> [Description of the task]
Could the data below be copied exactly, minus the pictures?

> [Information provided]

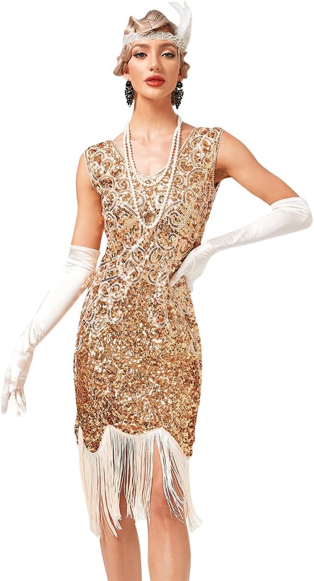 FYMNSI Damen 1920er Jahre V-Ausschnitt Pailletten Fransen Kleid Flapper Charleston Kleider Cocktailk
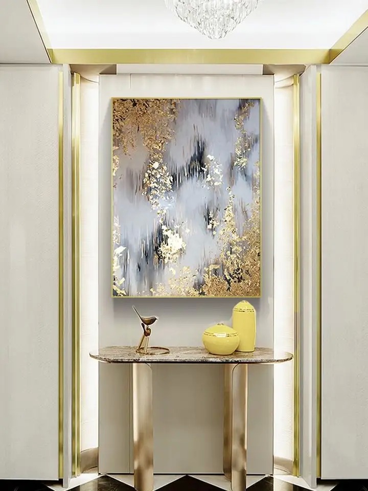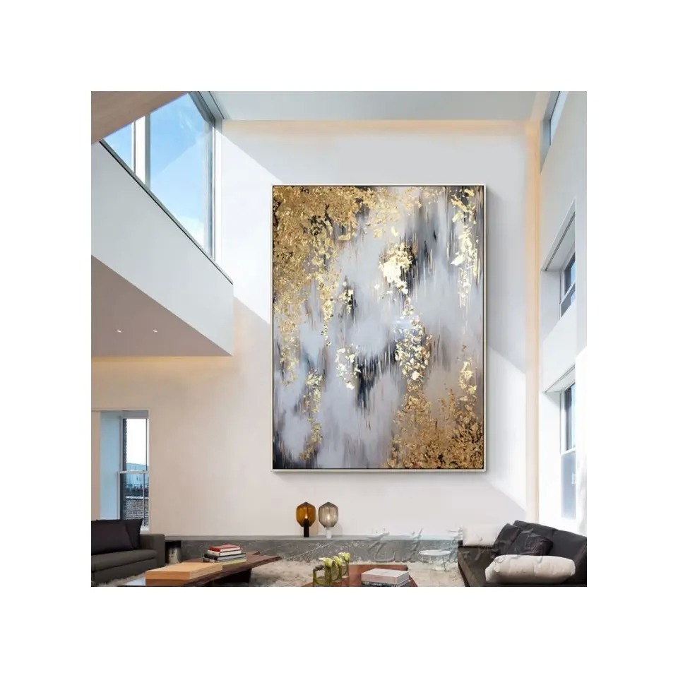 थोक अमूर्त कैनवास दीवार सजावट में स्वर्ण अमूर्त पन्नी उच्चारण के साथ हाथ से चित्रित तेल चित्र हैं। प्रत्येक टुकड़ा 100% पर्यावरण के अनुकूल सामग्री और पारंपरिक तकनीकों का उपयोग करके हस्तनिर्मित है।
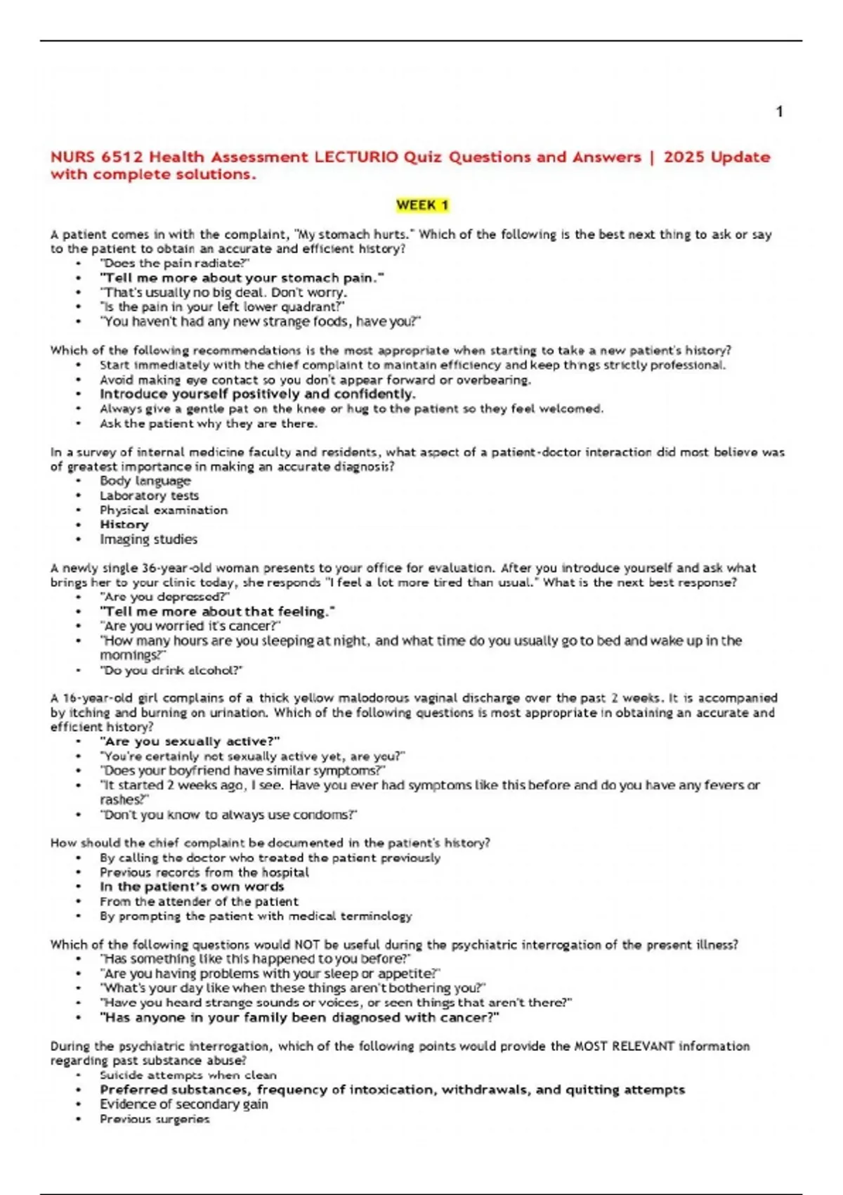 NURS 6512 Health Assessment LECTURIO Quiz Questions and Answers | 2025 Update with complete solutions.
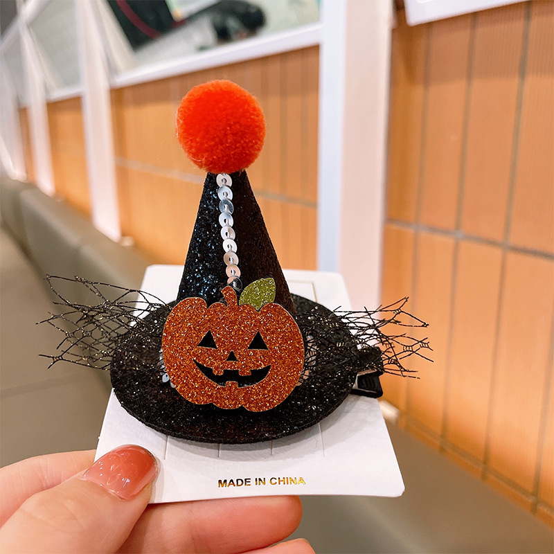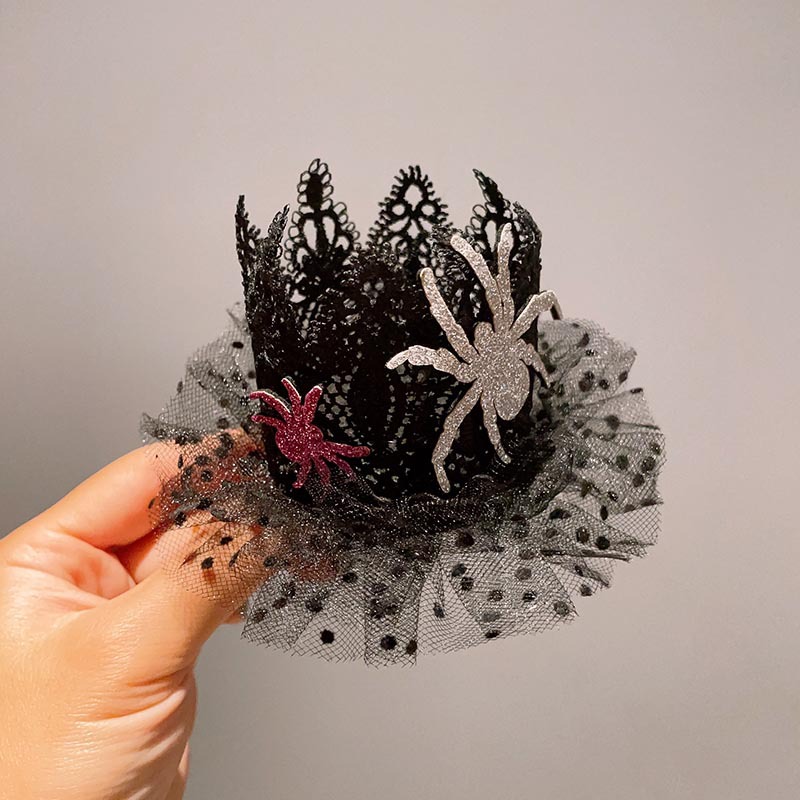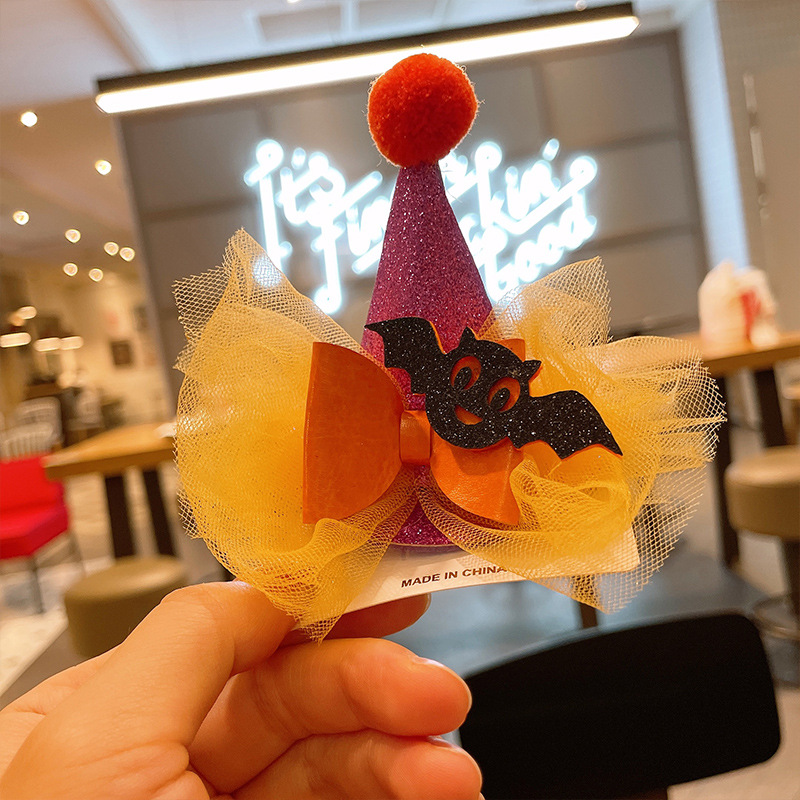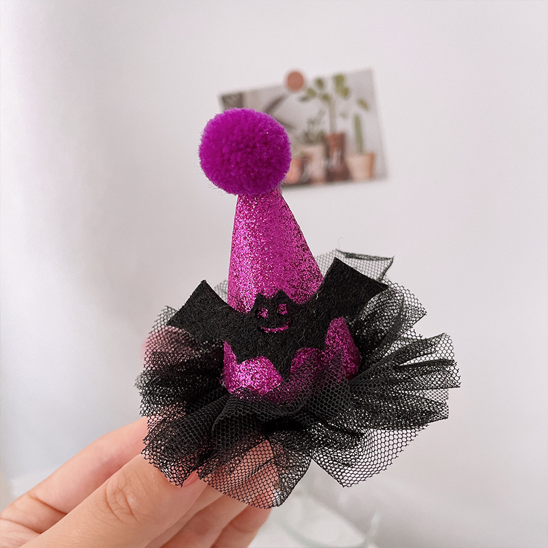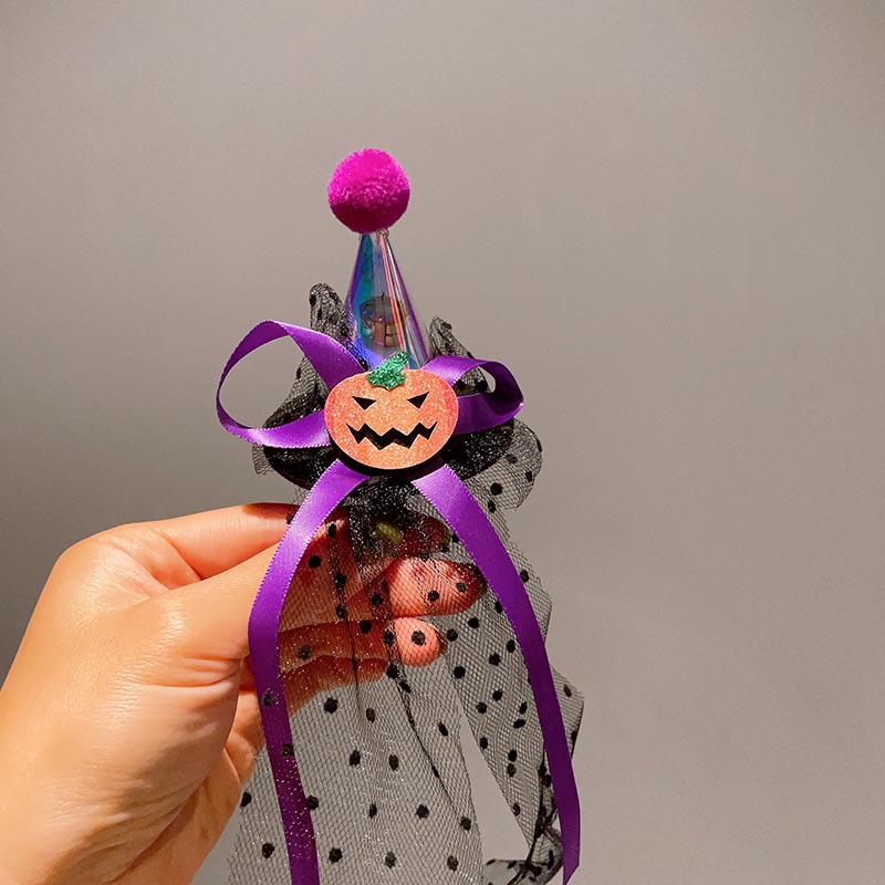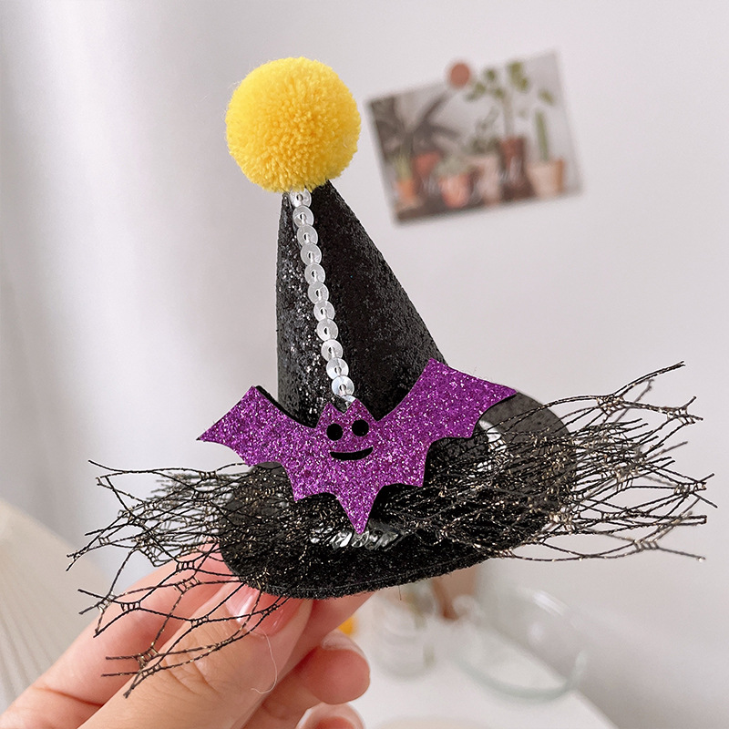 할로윈 매직 탑 모자 머리핀 레이스 베일 마법사 재미있는 유령 탑 클립 귀여운 박쥐 호박 모자

> [Written response]
 FYMNSI Damen 1920er Jahre V-Ausschnitt Pailletten Fransen Kleid Flapper Charleston Kleider Cocktailk
 थोक अमूर्त कैनवास दीवार सजावट में स्वर्ण अमूर्त पन्नी उच्चारण के साथ हाथ से चित्रित तेल चित्र हैं। प्रत्येक टुकड़ा 100% पर्यावरण के अनुकूल सामग्री और पारंपरिक तकनीकों का उपयोग करके हस्तनिर्मित है।
 NURS 6512 Health Assessment LECTURIO Quiz Questions and Answers | 2025 Update with complete solutions.
 할로윈 매직 탑 모자 머리핀 레이스 베일 마법사 재미있는 유령 탑 클립 귀여운 박쥐 호박 모자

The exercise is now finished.